YOUR TASK
Drop every picture. Return the rest of the entries exactly.

DATA UNDER STUDY
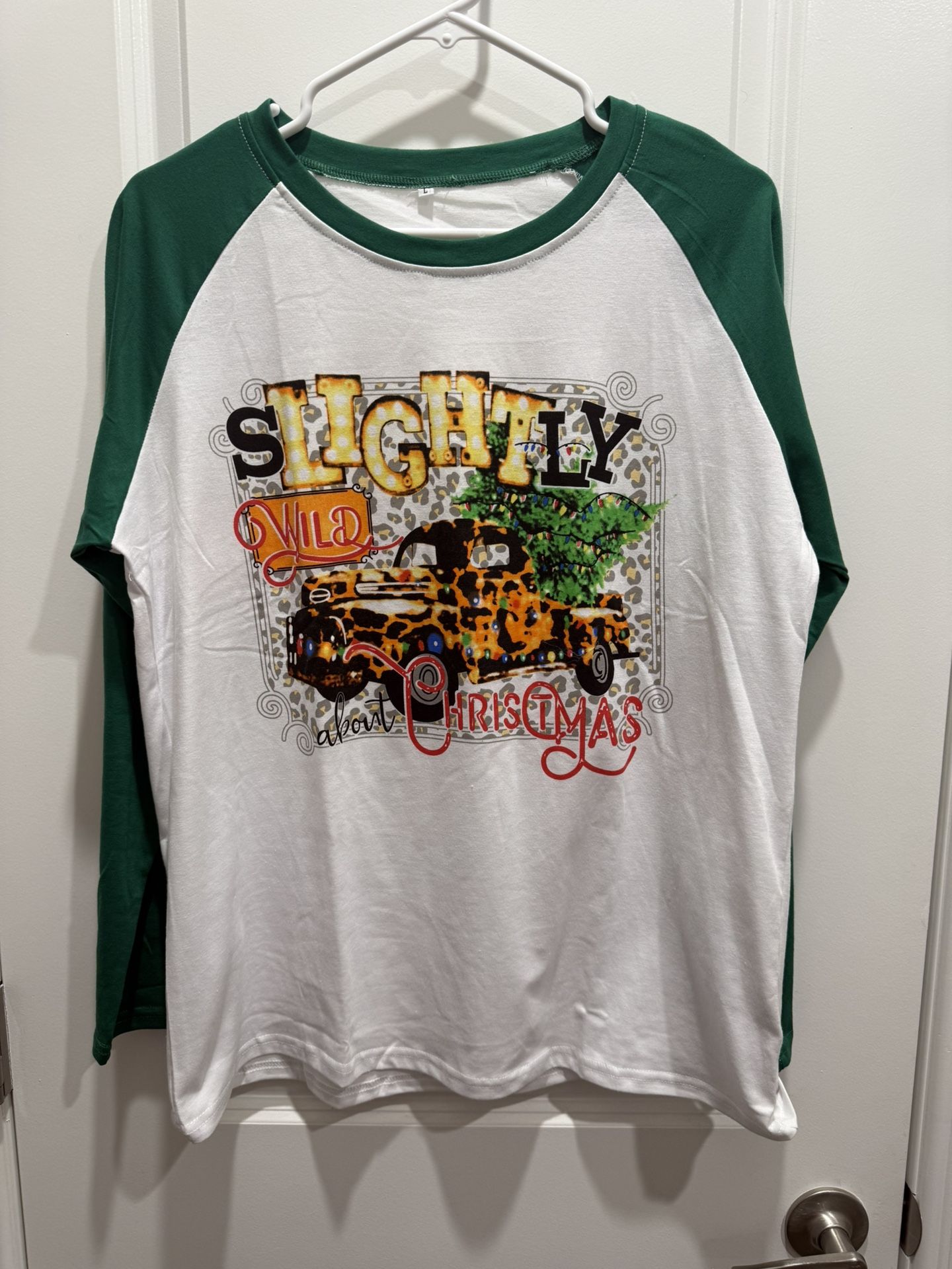 Size Large women’s “Slightly wild about Christmas” long sleeved shirt- NWOT 65% Cotton 35% Polyester
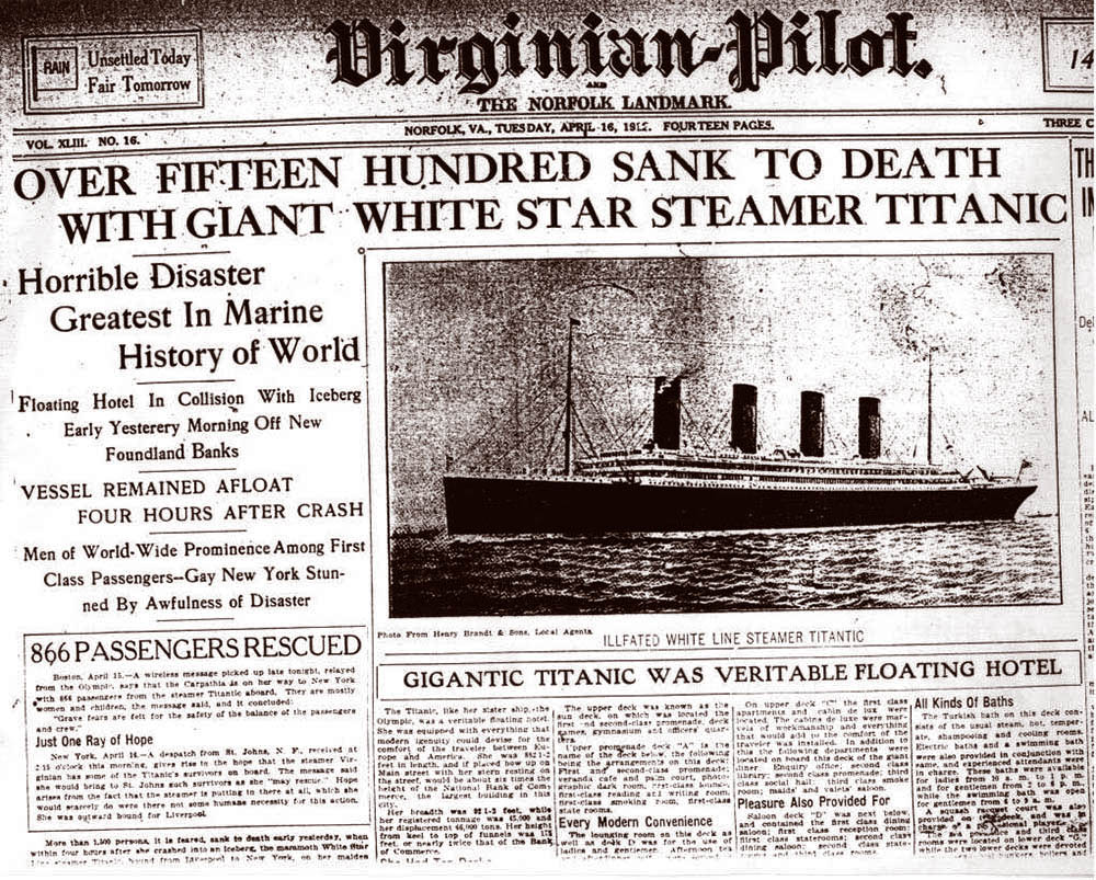21.00 Carpathia arrives in New York with the survivors of RMS Titanic
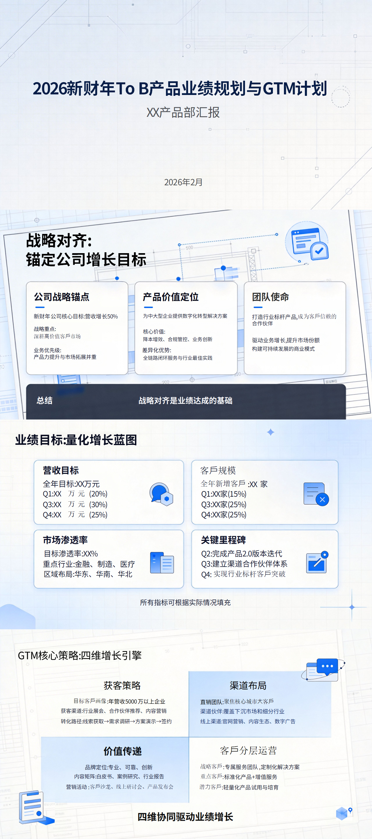 ——用同一段提示词,就做一份适配我们 To B 产品的2026 财年业绩规划 + GTM 落地计划 PPT。
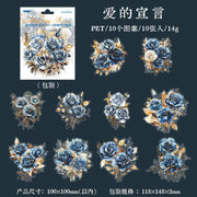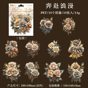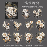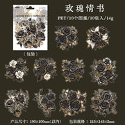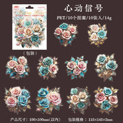 Large-scale vintage-style PET rose stickers in various colors. Perfect for junk journals, scrapbooks, or other paper crafts. 10 stickers in each pack.
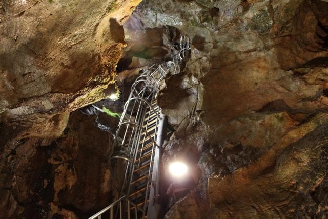 京都府唯一の鍾乳洞。総延長52.5m、高低差25.1mの竪穴洞窟は
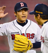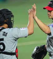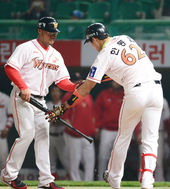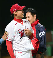 2013.05.23 21: 50하이파이브 나누는 주키치, '드디어 2승 거뒀어요'
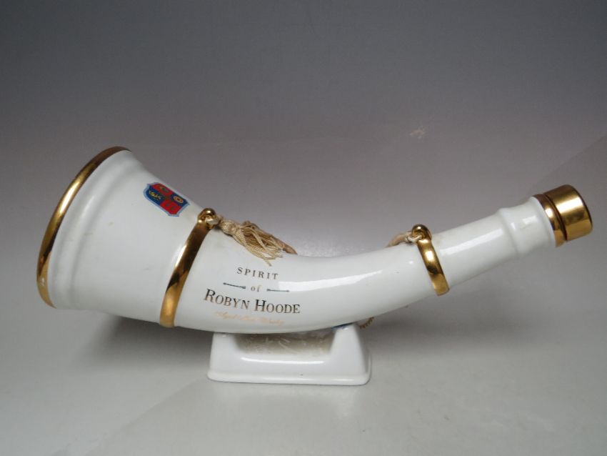 A WADE SPIRIT OF ROBYN HOODE WHISKY DECANTER IN THE FORM OF A HUNTING HORN WITH STAND, L 36 cm
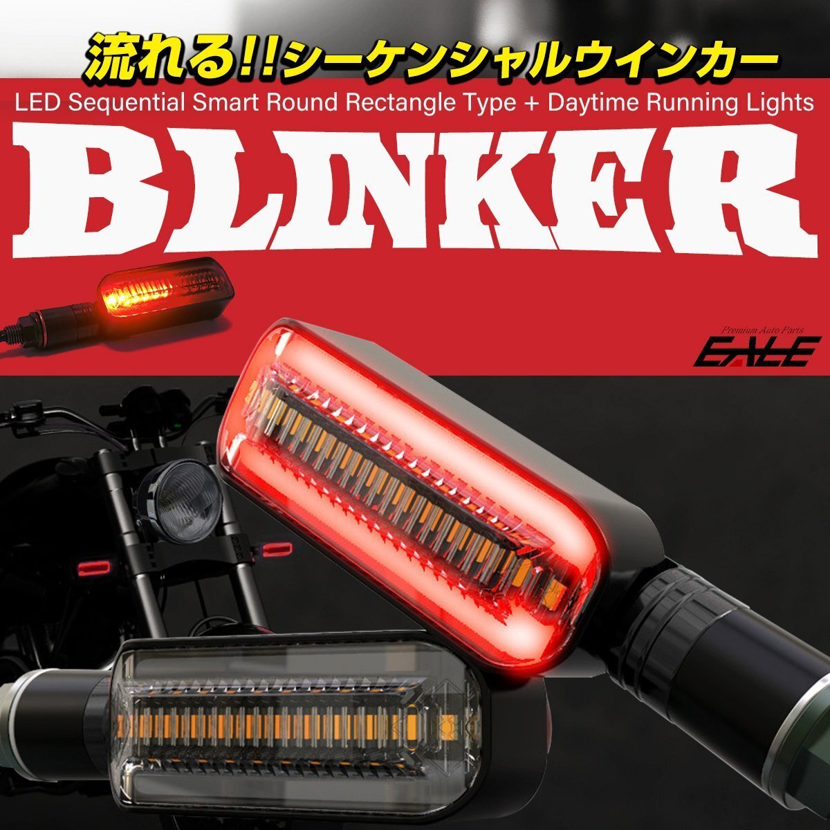 - バイク 汎用 LED シーケンシャル ウインカー 本体色 ブラック マーカーランプ色 レッド F-295-BKR

ANSWER TO THIS EXERCISE
 Size Large women’s “Slightly wild about Christmas” long sleeved shirt- NWOT 65% Cotton 35% Polyester
21.00 Carpathia arrives in New York with the survivors of RMS Titanic
 ——用同一段提示词,就做一份适配我们 To B 产品的2026 财年业绩规划 + GTM 落地计划 PPT。
 Large-scale vintage-style PET rose stickers in various colors. Perfect for junk journals, scrapbooks, or other paper crafts. 10 stickers in each pack.
 京都府唯一の鍾乳洞。総延長52.5m、高低差25.1mの竪穴洞窟は
 2013.05.23 21: 50하이파이브 나누는 주키치, '드디어 2승 거뒀어요'
 A WADE SPIRIT OF ROBYN HOODE WHISKY DECANTER IN THE FORM OF A HUNTING HORN WITH STAND, L 36 cm
 - バイク 汎用 LED シーケンシャル ウインカー 本体色 ブラック マーカーランプ色 レッド F-295-BKR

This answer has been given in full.